Exercise
Retype the listing exactly; omit pictures.

Data block
[Start of section]
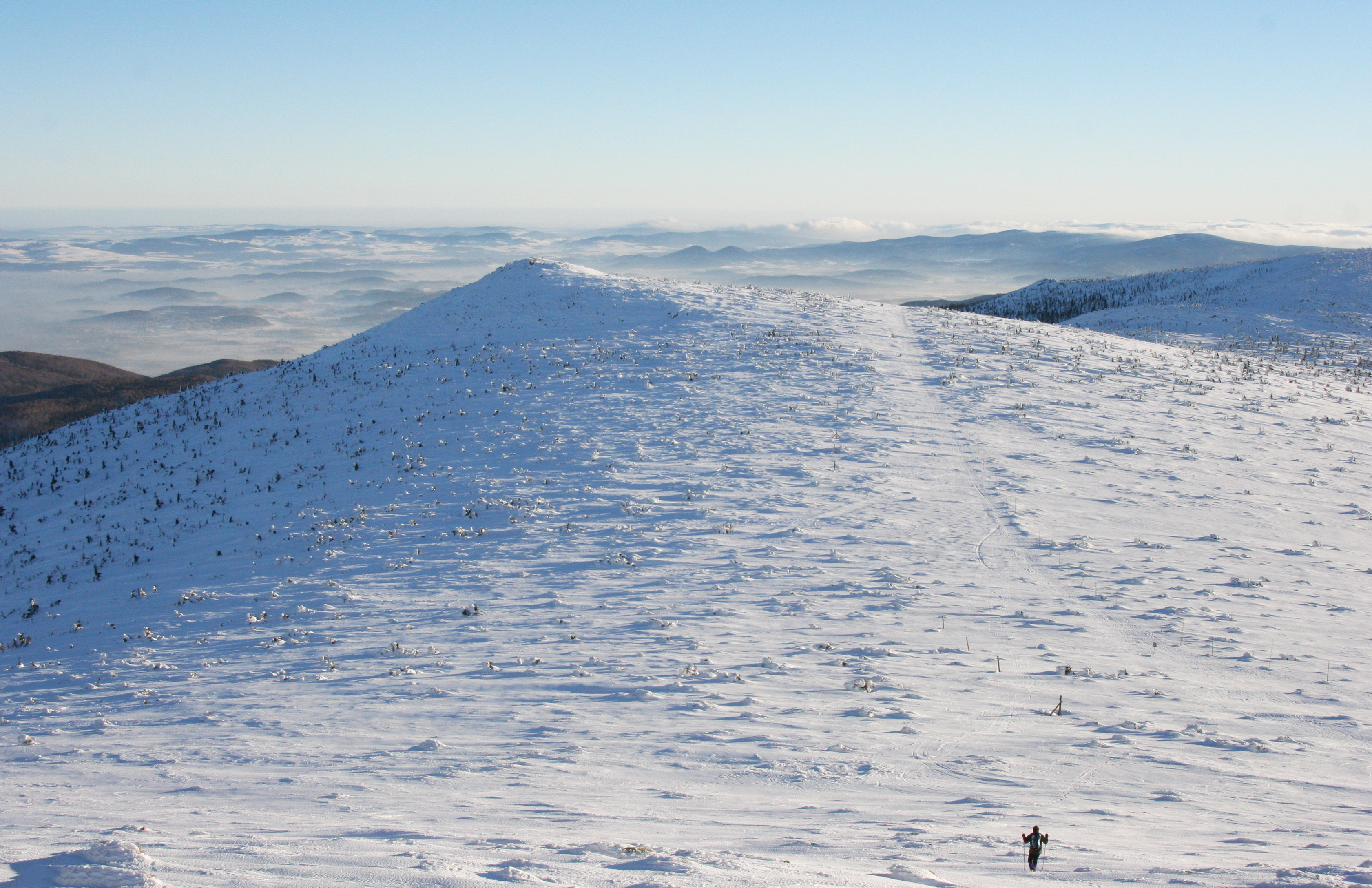 Śmielec (1424 m above sea level) view from Wielki Szyszak (1509 m above sea level) Karkonosze - Polish-Czech border. Winter 2006.
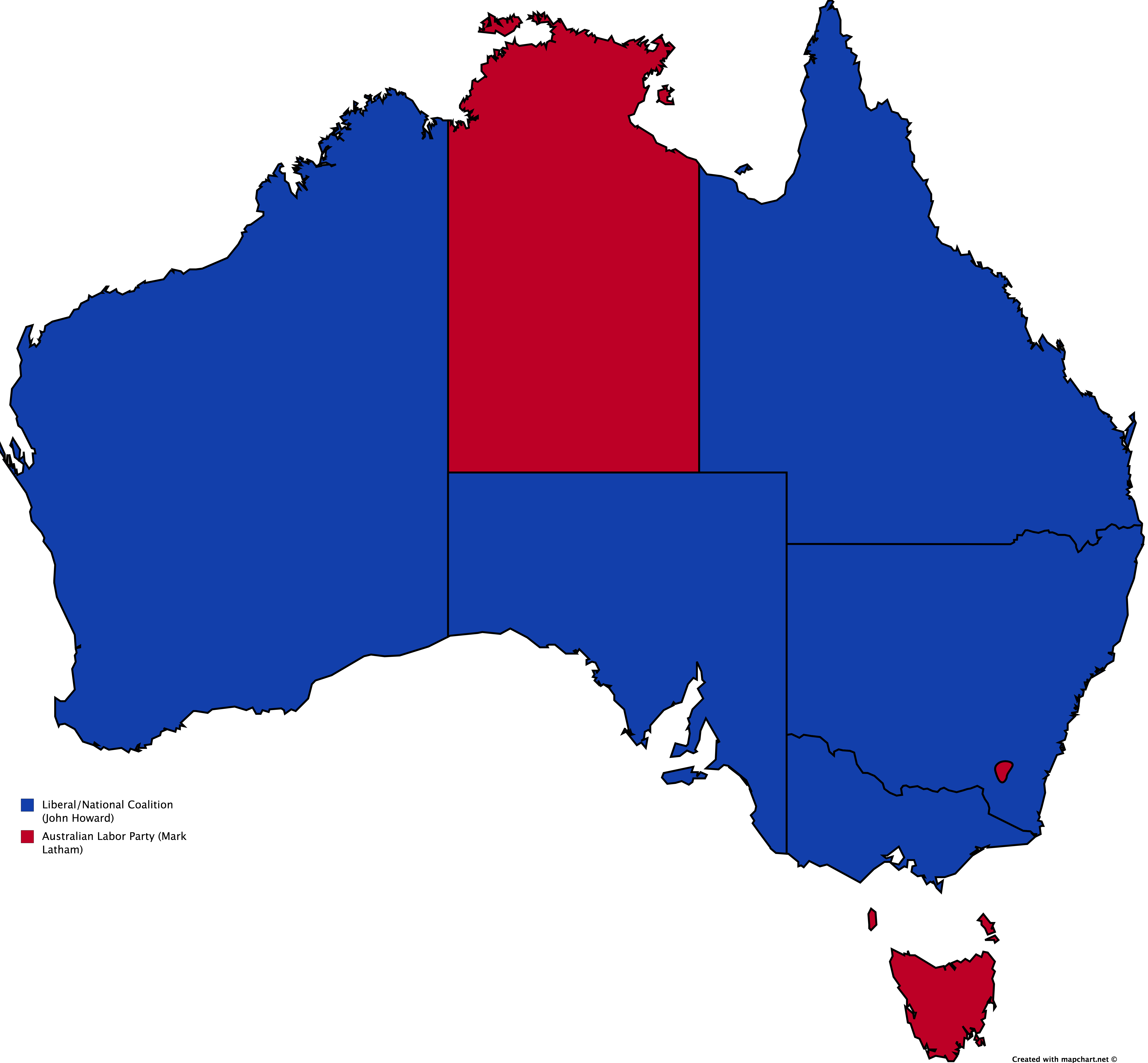 State Results, Popular Vote
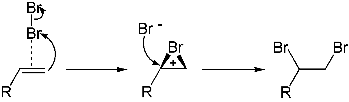 Addition of bromine to an alkene
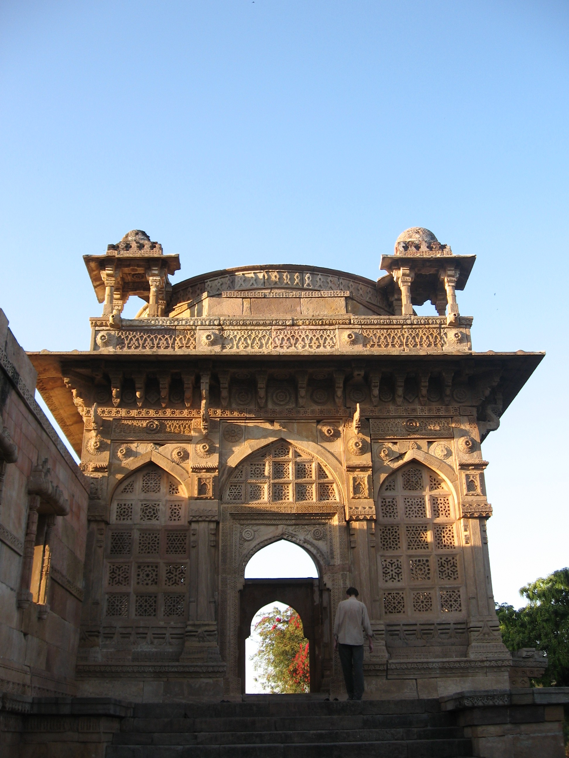 Gate of the Jama Masjid, Champaner, Gujarat
[End of section]
Completed task
 Śmielec (1424 m above sea level) view from Wielki Szyszak (1509 m above sea level) Karkonosze - Polish-Czech border. Winter 2006.
 State Results, Popular Vote
 Addition of bromine to an alkene
 Gate of the Jama Masjid, Champaner, Gujarat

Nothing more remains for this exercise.